Rodong Shinmun Reasserts Juche Economy

Namgung Min  |  2010-09-24 15:39
Taking the opposite stance to that of Kim Jong Il when he visited China in August, Rodong Shinmun has reaffirmed North Korea's commitment to the “Juche economy” and its appropriateness.

In China last month, Kim is said to have told his guests, “After reform and opening, China is alive everywhere due to rapid development,” a comment that was picked up and supported by Rodong Shinmun early in September.

However, through its editorial on the 18th, “Juche Realization Is the Banner of Our Economic Revival and Leap Forward,” the Chosun Workers’ Party insisted, “There is no bigger sin than handing over a lame economy begging from others to the next generation.”

It explained, “There is no time like the present, when the principles of Juche realization stand out in front with their universality and it is the trend of economic development to develop one's own materials and concentrate on using them.”

“We can live wealthily enough with the development of our inexhaustible materials for generations and prepare enough funds for the construction of an economically strong state,” it went on.

The editorial pointed out, “Living by relying on foreign powers is a selfish way to be; being rich only for that one generation.”

Regarding the contradictory direction of the editorial when compared to the positive tone since Kim’s visit to China, one anonymous defector who was associated with the Party said, “Just like with his visit to Shanghai in 2001, regardless of how highly Kim Jong Il praises Chinese development, the Kim Jong Il regime’s principals do not change.”
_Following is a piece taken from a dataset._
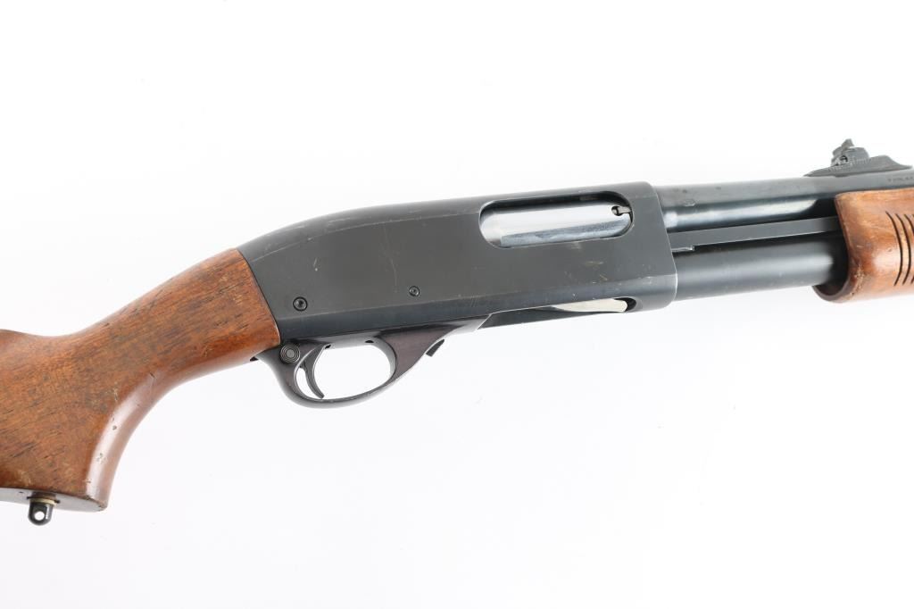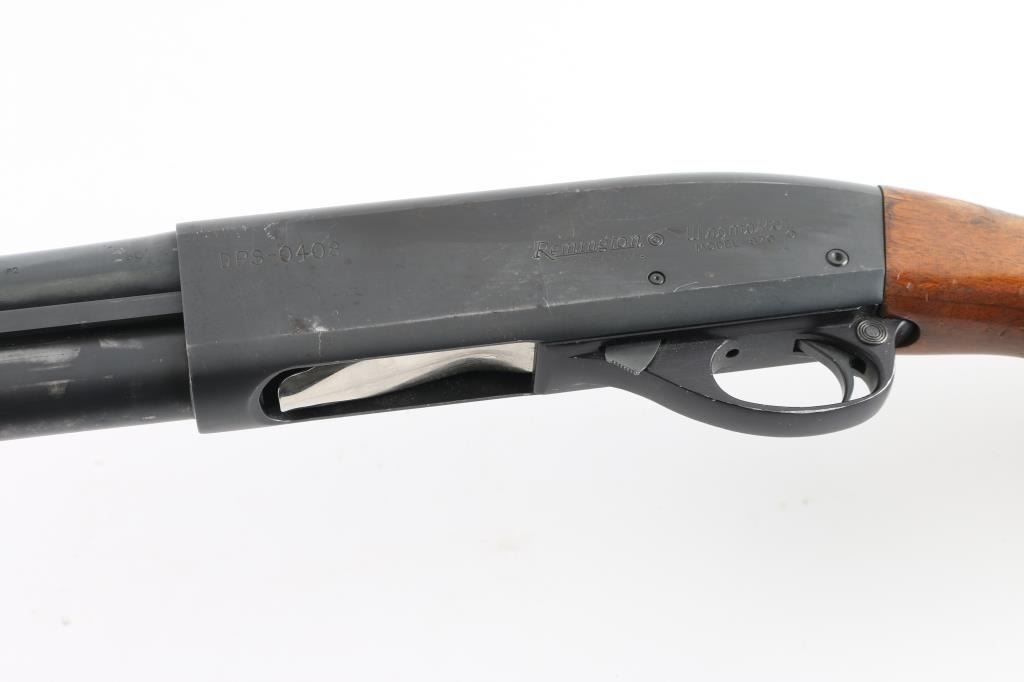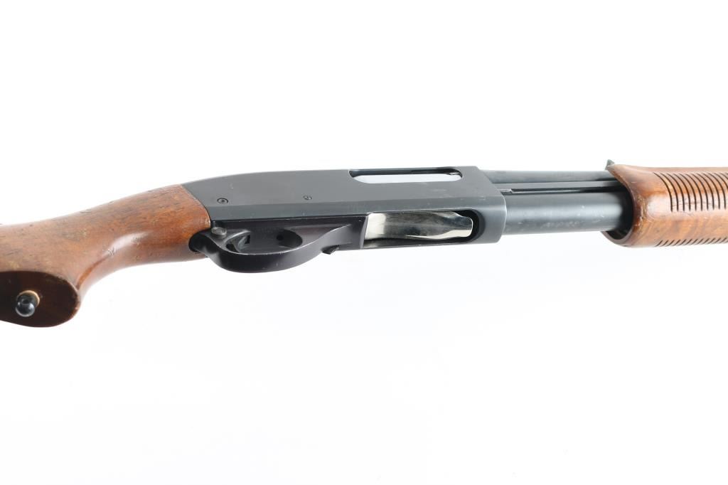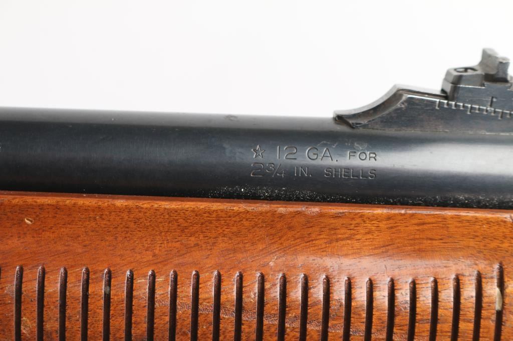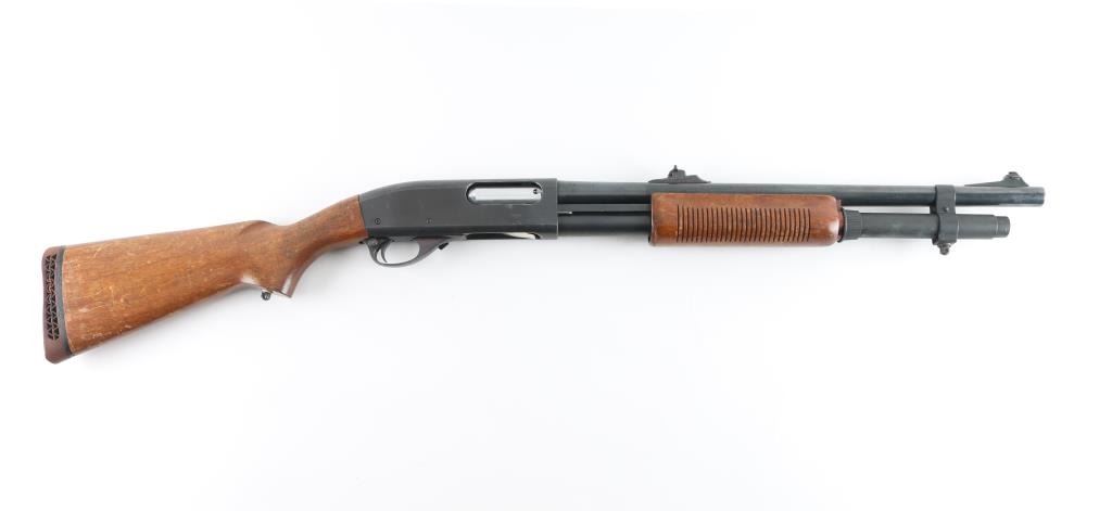 Quality American made slide action repeating shotgun chambered for 2 3/4" 12 gauge shells. Police issued shotgun, left receiver is stamped DPS-0408. (Dept. of Public Safety) Features a blued/matte finish, 20" modified choke barrel, ramped post/bead front, and slide adjustable notch rear sights, magazine tube extension, push button safety, beveled trigger, swivel stud, grooved walnut slide handle and smooth pistol grip shoulder stock with factory recoil pad. Shotgun exhibits approximately 85% of it's original finish with slide wear on the magazine tube and scattered handling marks/scratches. Action is smooth, bore appears good, needs cleaning, and wood stocks are sound with numerous scratches, and handling loss to the finish. NRA Condition-Good. Modern Firearm

“There have been many cases of China not accepting Kim Jong Il's requirements,” the defector went on, “so Kim turned sullen and made a gesture to get on China’s nerves. This seems like a similar case, so the North’s authorities have asserted again the need for a self-supporting economy. Nothing has changed in terms of economic principle.”

Another such case occurred in the mid-1990s, during negotiations while North Korea was trying to obtain Chinese help with its light industry sector. At the time, China requested compensation for Chinese Peoples’ Liberation Army fallen soldiers during the Korean War, so the negotiating mood immediately froze. Annoyed, Kim Jong Il ordered Chosun People’s Army Chief of Staff Kim Young Chun to sell two sets of missile to Taiwan. This order was officially circulated by cadres’ lectures so that it would leak out to China. Several days later, there was a sudden unofficial visit by Kim to Dandong.

Whether or not the Kim Jong Il regime is really going to reveal changes to its economic policies is one point of interest for the Party Delegates’ Conference, which is scheduled to begin on the 28th.